🤖 AI Summary
Generative deep learning models exhibit limited global generalizability in precipitation downscaling, particularly across unseen geographical regions.
Method: We propose a geography-aware hierarchical data partitioning strategy to systematically evaluate cross-regional transferability across 15 geographically distinct, held-out areas. Leveraging both generative adversarial networks (GANs) and diffusion models, we integrate ERA5 reanalysis data with IMERG high-resolution precipitation observations to achieve global 0.1° precipitation downscaling.
Contribution/Results: This work establishes the first benchmark framework for cross-regional transferability in climate downscaling. Empirical evaluation reveals that while most regions retain strong performance, significant degradation occurs in areas with pronounced topographic or climatic divergence—highlighting fundamental limits of generative model generalization in climate applications.

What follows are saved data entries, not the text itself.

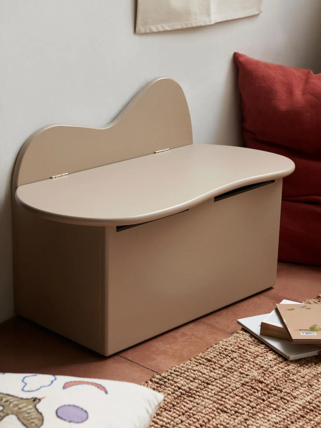 Aporta un toque orgánico y fantástico a la habitación infantil con el encantador banco Slope. Inspirado en los paisajes de colinas onduladas, el banco presenta formas onduladas distintivas. Con un práctico compartimento para ocultar el desorden y guardar juguetes, el banco Slope no sólo sirve como cómodo asiento para que tu hijo disfrute de un momento tranquilo con su libro favorito, sino también como práctica solución de almacenamiento para el cuarto de los niños.
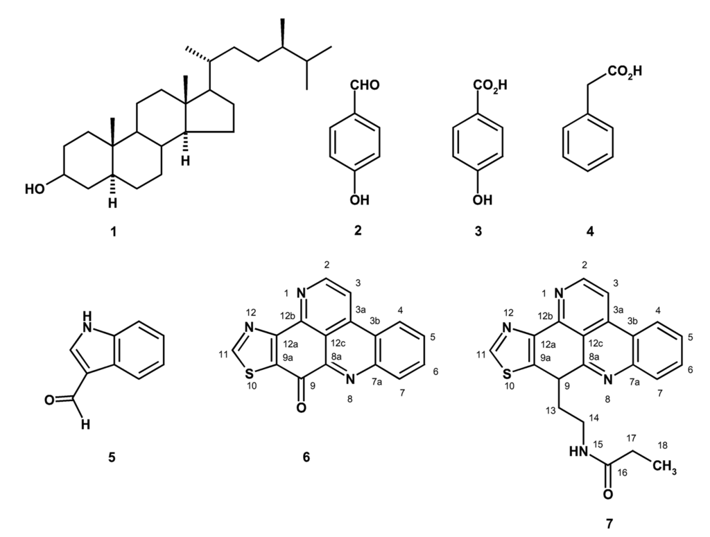 The crude EtOAc extract (13.1 g) was applied over a flash chromatography column of Si gel 60 (150g) and eluted with a solvent gradient system of petrol-CHCl3, CHCl3, CHCl3,-MeOH, EtOAc and MeOH, with 200 ml fractions being collected as follows: Frs. 1–2 (petrol-CHCl3,1:4), 3–7 (CHCl3), 8–17 (CHCl3,-MeOH, 49:1), 18–22 CHCl3,-MeOH, 19:1), 23–24 (CHCl3,-MeOH, 9:1), 25–26 (EtOAc), 27–30 (MeOH). Frs. 3–4 were combined (2.6 g) and recrystallized from a mixture of petrol and CHCl3 to give white crystal of 24 α-methylcholestanol (1, 436 mg). Frs. 6–7 were combined (870 mg) and chromatographed over Si Gel 60 (20 g) and eluted with petrol-CHCl3, CHCl3-Me2CO, and CHCl3-MeOH, 200 ml subfractions were collected as follows: Sfrs. 1–7 (petrol-CHCl3, 2:3), 8–15 (petrol-CHCl3, 1:4), 16–24 (CHCl3), 25–30 (CHCl3-Me2CO, 19:1), 31–34 (CHCl3-Me2CO, 9:1), 35–38 (CHCl3-Me2CO, 4:1), 39–43 (CHCl3-Me2CO, 3:2), 44–45 (MeOH). Sfrs. 3–6 were combined (156 mg) and purified by TLC (Si gel, CHCl3) to give 33.2 mg of a mixture of p-hydroxybenzoic acid (3) and phenylacetic acid (4). Subfrs. 7–15 were combined and purified by TLC (Si gel, CHCl3-Me2CO-HCO2H, 18:1:0.1) to give kuanoniamine A (6, 20 mg). Frs. 8–10 were combined (390 mg) and purified by TLC (Si gel, CHCl3, Me2CO, HCO2H, 95:5:0.1) to give p-hydroxybenzaldehyde (2, 15.7 mg) and 3-formylindole (5, 18.6 mg). Frs. 11–13 were combined (346 mg) and purified by TLC (Si gel, CHCl3, MeOH, HCO2H, 98:2:0.1) to give kuanoniamine A (6, 32 mg). Frs. 20–22 were combined (355 mg) and applied over a flash chromatography column of ODS gel (10g) and eluted with a gradient system of MeOH-H2O and MeOH-CHCl3-H2O, 100 ml fractions being eluted as follows: sfrs 1–2 (MeOH-H2O, 7:3), 3–4 (MeOH-H2O, 4:1), 5–6 (MeOH-H2O, 9:1), 7–10 (MeOH), 11–14 MeOH-CHCl3-H2O, 7:3:0.5). Sfrs. 5–6 were combined (81 mg) and recrystallized from a mixture of CHCl3 and Me2CO to give yellow crystals of kuanonamine C (7, 44 mg).
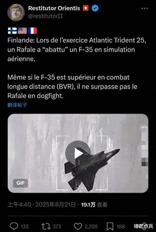 5月份印巴空战,可谓是阵风战斗机自服役以来第一次吃到败仗,一向以阵风战斗机引以为傲的法国达索公司自然是心里憋了一肚子火!前段时间举行的“大西洋三叉戟-25”联合对抗演练中,法国阵风战斗机与美国F-35A战斗机过招,这次对抗演练的结果却是:阵风战斗机在近距离格斗中成功击败了F-35A战斗机!阵风是歼-10CE的手下败将,却在演练中击败了F-35A,那么是阵风战斗机确实实力强劲,5月份印巴空战只是阵风战斗机失手了,还是美国的F-35A战斗机性能太水呢?
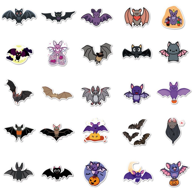 Набор наклеек (суперстикеров) ЛЕТУЧИЕ МЫШИ (50 шт в упаковке) самоклеящихся, многоразовых, водостойких, используется для размещения на любой гладкой поверхности.
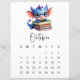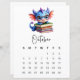 A clean monthly calendar beneath the illustration adds practical charm without distracting from the art.
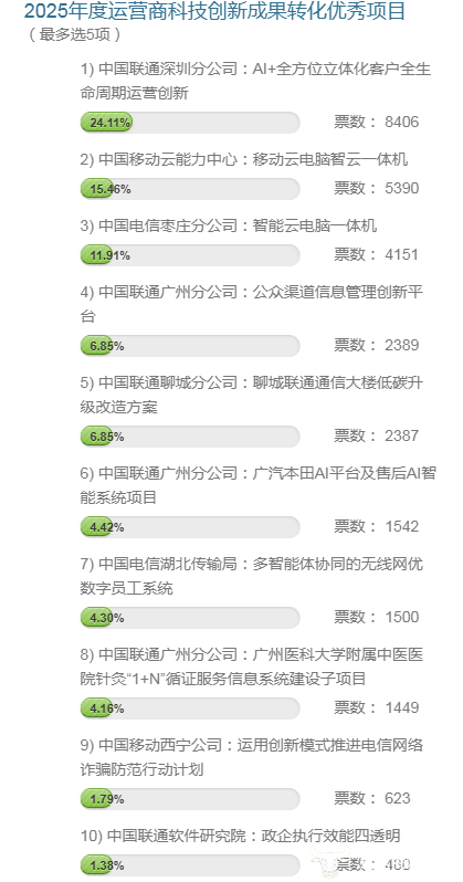 日前,由运营商财经网举办的一年一度财经TMT“领袖榜”评选活动,投票通道已经开启。下面对“2025年度运营商科技创新成果转化优秀项目”奖项的投票情况,进行发布。
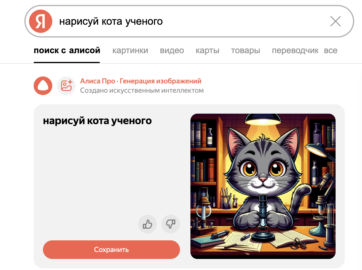 В Умной строке опишите, что хотите увидеть на изображении, например «нарисуй кота ученого».
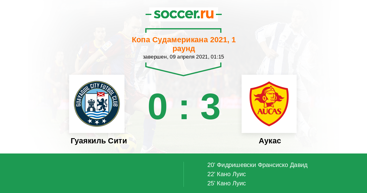 | Гуаякиль Сити | 1:2 | 0:0 | 1:2 |
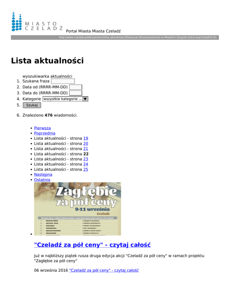 Portal Miasta Miasta Czeladź http://www.czeladz.pl/aktualnosci/lista_aktualnosci/Edukacja-Wczesnoszkolna-w-Miejskim-Zespole-Szkol-w/printpdf/st:22 Lista aktualności wyszukiwarka aktualności 1. Szukana fraza 2. Data od (RRRR-MM-DD) 3. Data do (RRRR-MM-DD) 4. Kategorie wszystkie kategorie ... ▼ 5. Szukaj 6. Znaleziono 476 wiadomości. Pierwsza Poprzednia Lista aktualności - strona 19 Lista aktualności - strona 20 Lista aktualności - strona 21 Lista aktualności - strona 22 Lista aktualności - strona 23 Lista aktualności - strona 24 Lista aktualności - strona 25 Następna Ostatnia "Czeladź za pół ceny" - czytaj całość Już w najbliższy piątek rusza druga edycja akcji "Czeladź za pół ceny" w ramach projektu "Zagłębie za pół ceny" 06 września 2016 "Czeladź za pół ceny" - czytaj całość Prosto z Iranu - czytaj całość MBP Filia nr 2 zaprasza we wrześniu do oglądania kolejnej ekspozycji fotografii podróżniczej. 06 września 2016 Prosto z Iranu - czytaj całość II Nocny Amatorski Turniej Piłki Nożnej - czytaj całość 10 drużyn stanęło do rywalizacji w ramach II Nocnego Turnieju Piłkarskiego o Puchar Burmistrza Miasta Czeladź 06 września 2016 II Nocny Amatorski Turniej Piłki Nożnej - czytaj całość Rodzinny Rajd Rowerowy - czytaj całość W sobotę dnia 03.09.2016 r odbył się V Rodzinny Rajd Rowerowy. W imprezie wzięło udział kilkadziesiąt osób w różnym wieku. 06 września 2016 Rodzinny Rajd Rowerowy - czytaj całość Festyn rodzinny w Parku Jordan - czytaj całość 4 września na placu zabaw w Parku Jordan odbył się festyn z okazji otwarcia nowej strefy aktywności rodzinnej. 05 września 2016 Festyn rodzinny w Parku Jordan - czytaj całość Festyn Zdrowia - czytaj całość Burmistrz Miasta Zbigniew Szaleniec zaprasza na Rynek 7 września w godzinach od 9.30 do 14.00. 05 września 2016 Festyn Zdrowia - czytaj całość Osłonięcie rzeźby "Czeladzkiej Czarownicy" - czytaj całość W sobotę, 3 września odsłonięto rzeźbę Katarzyny Włodyczkowej "Czeladzkiej Czarownicy". 05 września 2016 Osłonięcie rzeźby "Czeladzkiej Czarownicy" - czytaj całość Nowy Rok Szkolny 2016/2017 uroczyście rozpoczęty! czytaj całość Uroczysta inauguracja Nowego Roku Szkolnego w naszym mieście odbyła się w tym roku w Szkole Podstawowej Nr 3 im. Janusza Korczaka. 02 września 2016 Nowy Rok Szkolny 2016/2017 uroczyście rozpoczęty! - czytaj całość Festyn Rodzinny w Parku Jordan - czytaj całość W niedzielę, 4 września na placu zabaw w Parku Jordan odbędzie się Festyn Rodzinny. 02 września 2016 Festyn Rodzinny w Parku Jordan - czytaj całość Rocznica wybuchu II Wojny Światowej - czytaj całość W czwartek, 1 września o godz. 13.00 pod pomnikiem Pamięci Czeladzian – Ofiar Wojny i Poległych w Obozach Koncentracyjnych przy ul. Katowickiej, odbyły się uroczystości z okazji rocznicy wybuchu II Wojny Światowej. 02 września 2016 Rocznica wybuchu II Wojny Światowej - czytaj całość Pierwsza Poprzednia Lista aktualności - strona 19 Lista aktualności - strona 20 Lista aktualności - strona 21 Lista aktualności - strona 22 Lista aktualności - strona 23 Lista aktualności - strona 24 Lista aktualności - strona 25 Następna Ostatnia

The study provides a reproducible evaluation paradigm and a concrete technical pathway toward developing universally applicable climate downscaling models.
📝 Abstract
Deep learning offers promising capabilities for the statistical downscaling of climate and weather forecasts, with generative approaches showing particular success in capturing fine-scale precipitation patterns. However, most existing models are region-specific, and their ability to generalize to unseen geographic areas remains largely unexplored. In this study, we evaluate the generalization performance of generative downscaling models across diverse regions. Using a global framework, we employ ERA5 reanalysis data as predictors and IMERG precipitation estimates at $0.1^circ$ resolution as targets. A hierarchical location-based data split enables a systematic assessment of model performance across 15 regions around the world.